The new dog – now just “the dog”, I guess – has an appointment to be spayed. Thanks to a number of unforeseen events the procedure has already been cancelled once, and my wife is keen not to miss our Friday morning slot. When it’s time to leave she comes out to my office shed with the dog following.
“We’re off,” she says.
“Do you want me to come?” I say.
“Why?” she says. “Do you want to come?”
“Not really,” I say. “I’m just offering.”
“What possible use would your presence serve?” she says.
“I’m being polite,” I say. “If I thought there was a risk of you saying yes, I wouldn’t have asked.”
My wife goes to the supermarket after dropping the dog off. In total she is gone for about three hours. During this time I pace back and forth between my office and the kitchen. At one point, to keep myself busy, I wash up a bowl, drop the bowl, break the bowl and, in a belated bid to catch the bowl, cut my hand open on one of the larger shards. I am thinking about what possible use my presence might serve when my wife walks in with two full bags of shopping.
“How was that?” I say.
“A nightmare,” she says.
“The vet?” I say.
“No, Sainsbury’s,” she says. “The vet was fine. She loves it there.”
“When do you pick her up?” I say.
“Not until 4.30. There are more bags in the car, by the way.”
By the afternoon I am fretting about the dog’s operation to the extent that I take myself to bed with a book to calm down. I don’t wake up from this activity until the front door opens at 5.15.
The dog staggers into the bedroom dressed in a snug short-sleeved onesie printed with a peculiar pattern, like pyjamas for a very long toddler, or a canine prison uniform. She is at sea – too groggy to climb on to the bed, and too wary to be lifted.

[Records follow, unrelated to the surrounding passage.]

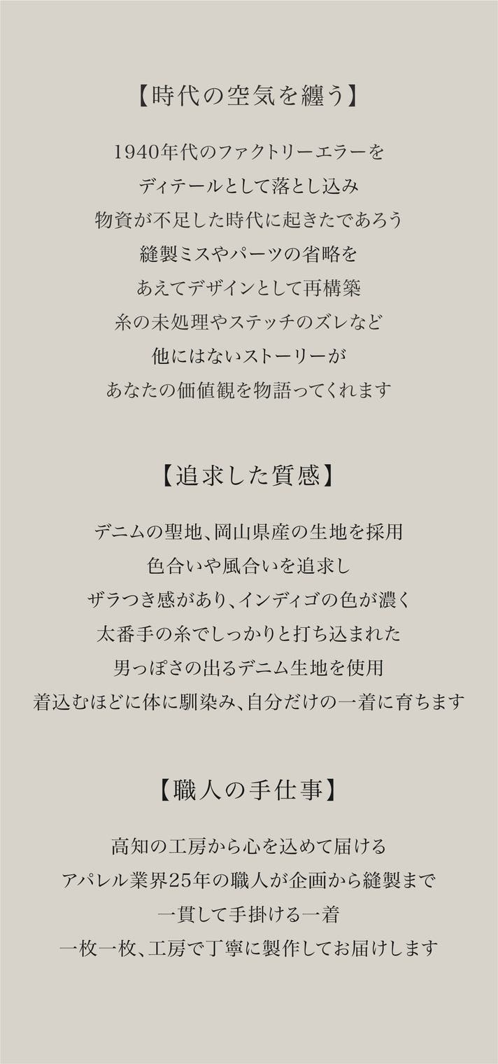 ヴィンテージの持つ魅力の中に、ファクトリーエラーという個性を持ったデニムジャケットに仕上げました。質感や色合いを追求した岡山県産デニム生地を使用し、意図的なエラーを落とし込んだこのジャケットが、着込むほどにあなたの体に馴染み、時間と共にあなただけのヴィンテージへと変わっていく過程を楽しんでもらえたら嬉しいです。(ワンウォッシュ仕様)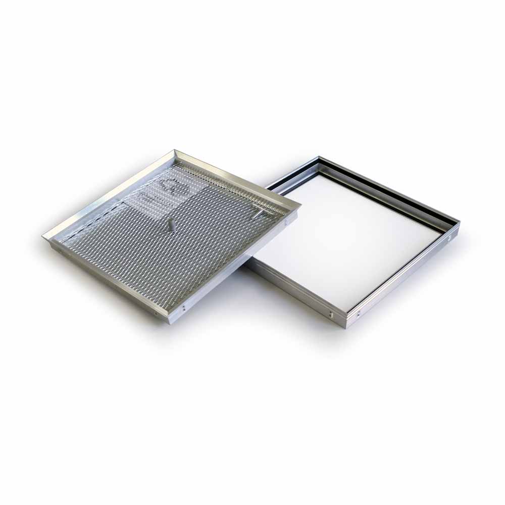 - Крышка люка 494х494 мм открывается с помощью Т-образной ручки. На крышку можно наклеить облицовочный материал большего размера — это поможет скрыть местоположение люка.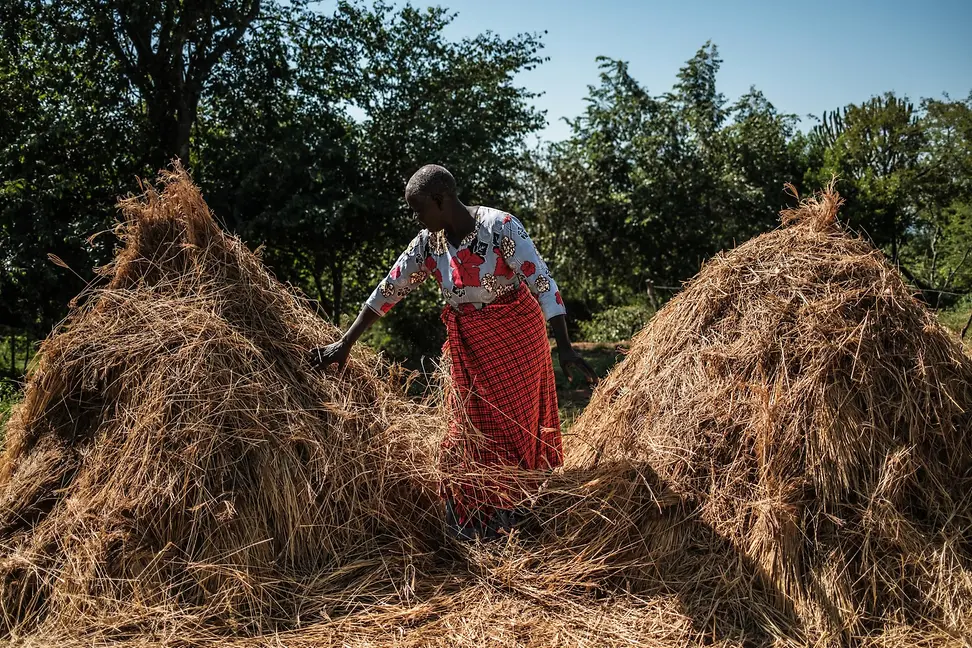 Nancy Kemboi kneels in the heavy, dark soil, bare hands gently prising loose the roots of a sweet potato. She lifts the thick, earth-caked tuber and drops it down beside her - it's at least 15 centimetres long. Gently parting the leaves, she digs deeper. The foliage is valuable feed for her animals. She pulls more and more sweet potatoes out of the ground.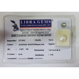 REPORT NO . LP 842CLARITY . N/ACOLOUR . SHINING WHITESHAPE / CUT . ROUNDWT . 3.60 CTSDIMENSION . 8-5.6-6.8-5.R . INDEX . N/AHARDNESS . 3.0COMMENT . PEARL..

“She doesn’t like the vet any more,” my wife says.
“Nice suit,” I say.
“It’s instead of the head cone,” my wife says. “She wasn’t having the cone.”
“How long does she have to wear it?” I say.
“A week to 10 days,” she says.
“She looks depressed,” I say.
“I think she feels a bit betrayed,” my wife says.
“Yeah,” I say, looking at the dog. “But not by me, right? As far as you know, I played no part in this.”
The dog looks up at me, forlorn, confused and dressed for bed.
After a long sleep the dog regains most of its former joie de vivre. After two days she appears to have fully recovered. After four days of not being allowed off the lead, she is bouncy and dangerously under-exercised.
Weirdly, however, the dog never raises any objections to the onesie, or makes even a half-hearted attempt to get out of it. This is an animal that has effectively eaten three dog beds, that regularly reduces dog toys to their smallest constituents, that chews up pillows, blankets, plastic flower pots, footballs, shoes and anything with a handle.
“It’s like you fancy yourself in it,” I tell the dog. “Even though it would be fair to say it does nothing for you.” The dog’s tail wags through the little hole at the back of the suit.
“I hate that thing,” my wife says. “But when I suggested taking it off early the vet told me grim stories about dogs chewing their stitches out.”
According to the advisory letter that came with the dog’s medication, it’s acceptable to remove the onesie in order to wash it, provided you keep your dog in your sights the whole time. But after six days the dog will not allow anyone to undo the snaps running along the top. She seems to have forgotten about life before wearing pyjamas all day.
“It’s been a week,” my wife says. “You can take her to the park with a ball if you like.”
“No thanks,” I say.
“Are you embarrassed by her outfit?”
“No,” I lie.
On the afternoon of the eighth day the dog spends a happy hour rolling around in the wet garden. When she comes back in with the onesie covered in dark mud, my wife grabs her by the collar, undoes all the back snaps, and wrestles it off her.
“Do you want me to keep an eye on her while you wash that,” I say.
“That won’t be necessary,” my wife says, flinging the onesie in the bin. The dog looks on, naked and bereft.